Hello @j.laute, when I am mimicking your method, I found the dimensions doesn’t quite match, so I am still confused.

This is what I have done so far (in Keras 2 and TF as backend, but I guess that does not matter):

rn_mean = np.array([123.68, 116.779, 103.939], dtype=np.float32).reshape((1,1,3))
inp_resnet = Input((224,224,3))
preproc = Lambda(lambda x: (x - rn_mean)[:, :, :, ::-1])(inp_resnet)
resnet_model = ResNet50(include_top=False, input_tensor=preproc)
res5b_branch2a = resnet_model.get_layer('res5b_branch2a')
last_conv_layer = resnet_model.layers[resnet_model.layers.index(res5b_branch2a)-1].output
resnet_model_conv = Model(inp_resnet, Flatten()(AveragePooling2D((7,7))(last_conv_layer)))

I think this is the same as what @jeremy mentioned in the video.

When I checked the summary of this resnet_model_conv, it says the output shape should be (None, 2048), so I am expecting that if i throw 200 images to this resnet_model_conv, the outcome should have a shape of (200, 2048). But the actual output had a shape of (800, 2048)…
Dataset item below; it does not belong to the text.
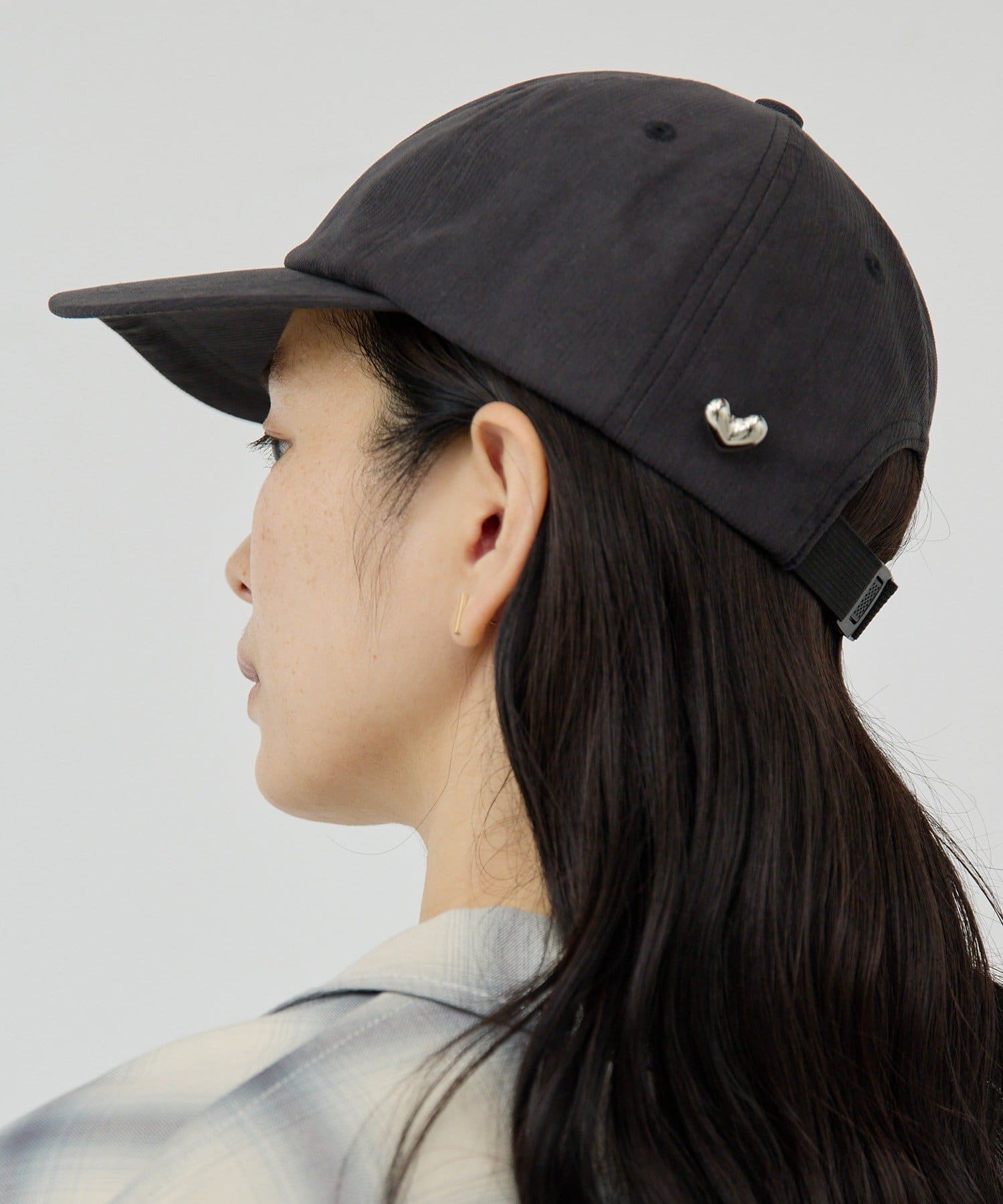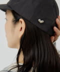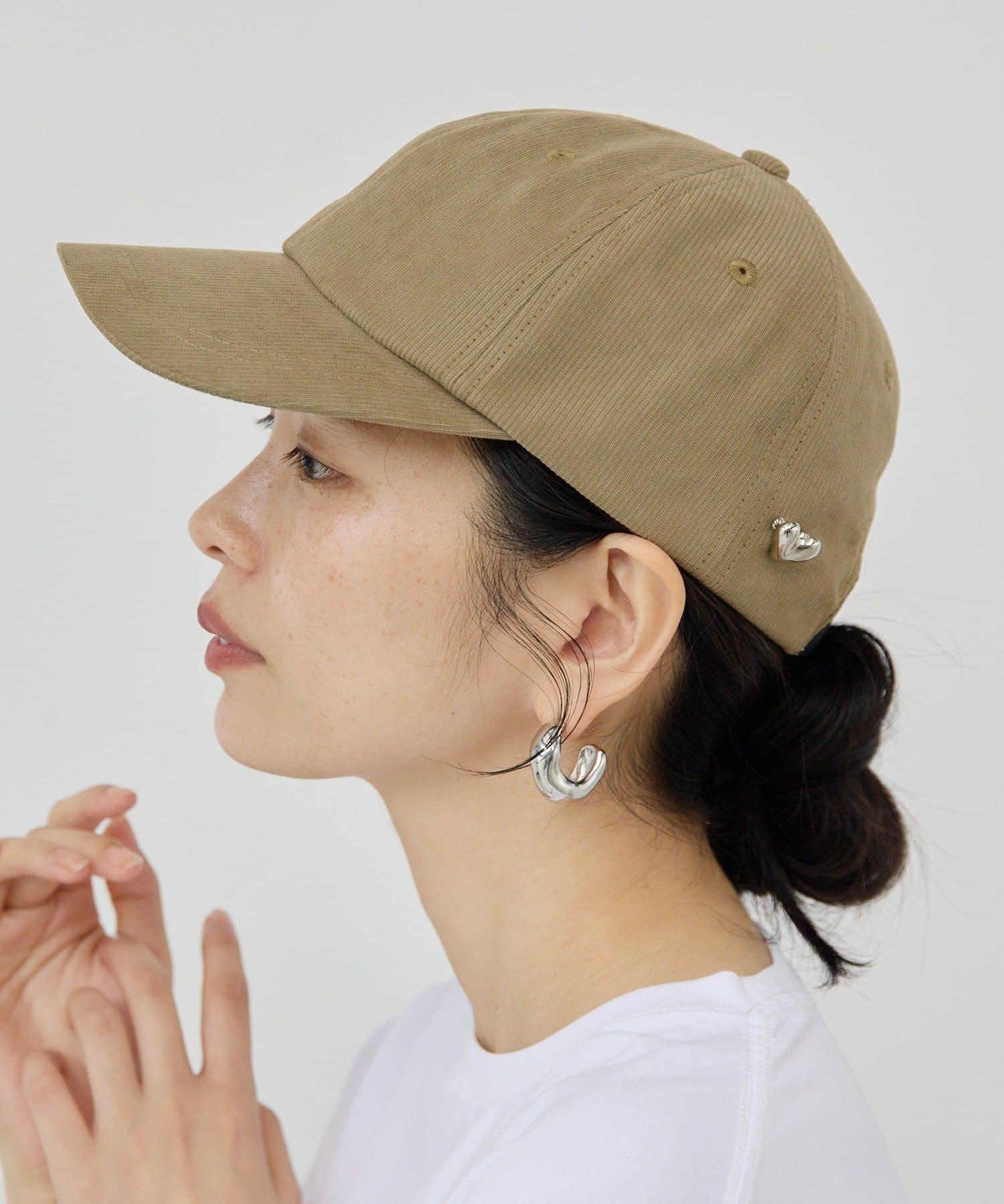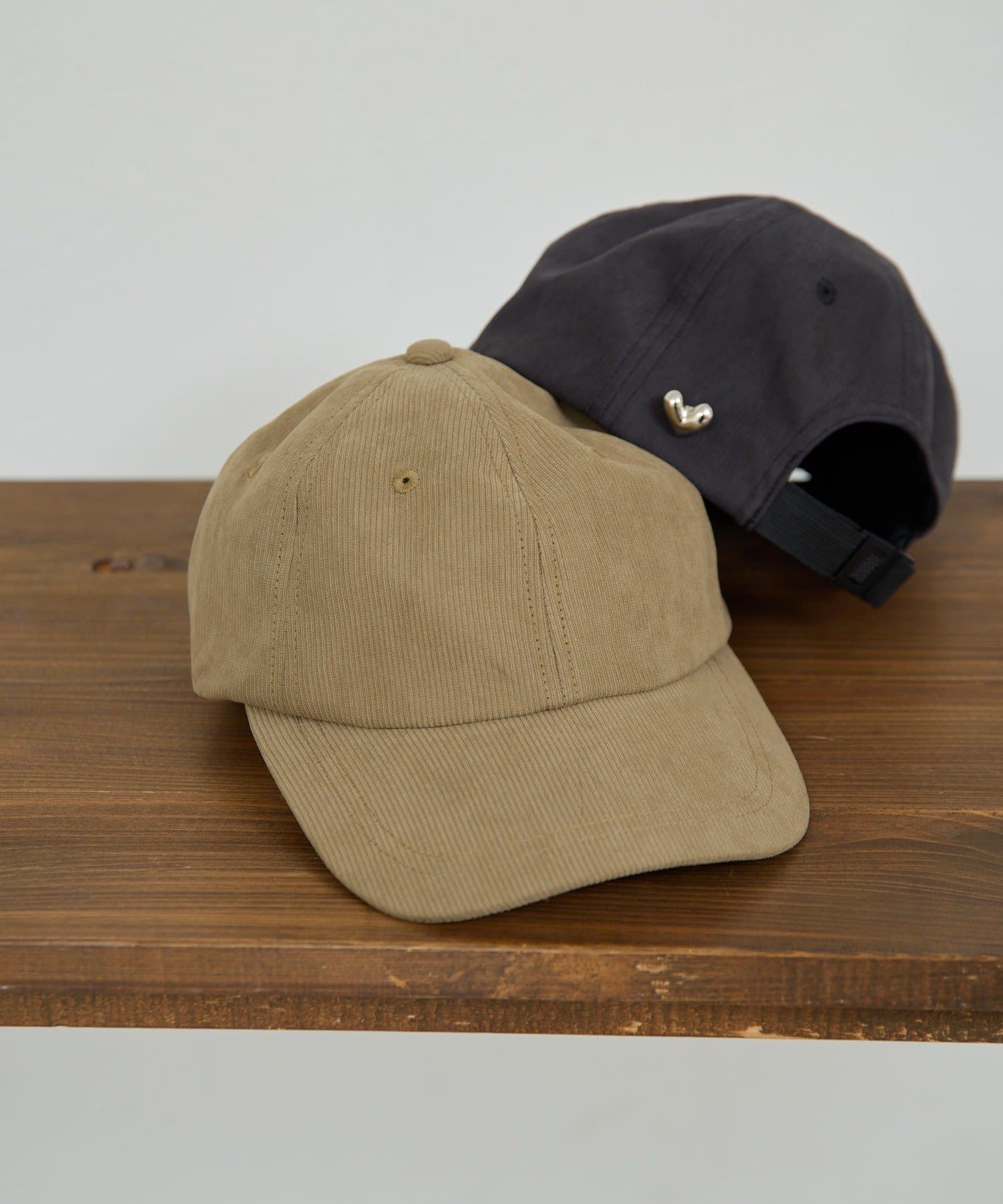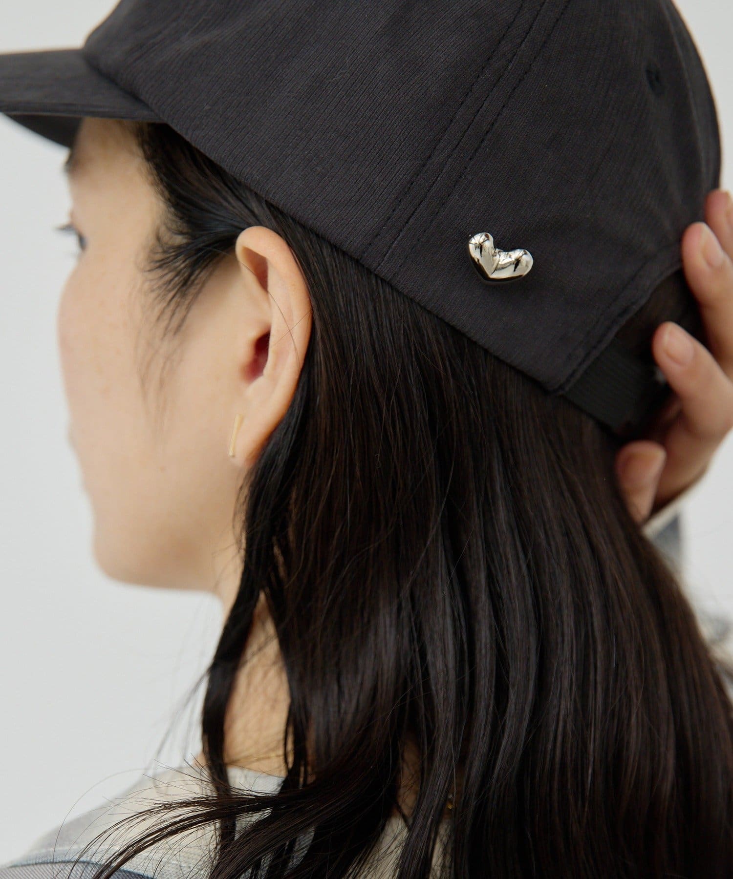 ハートモチーフのブローチがポイントになったキャップ

So later on, when I throw this output into the fully_connected model, it turns out that I have 800 rows of input but only 200 labels (images), so the fc model does not work…

I am using only 200 images since I am just testing the method. I am really confused about which part is wrong. If you could please kindly give me a hint, I would highly appreciate it!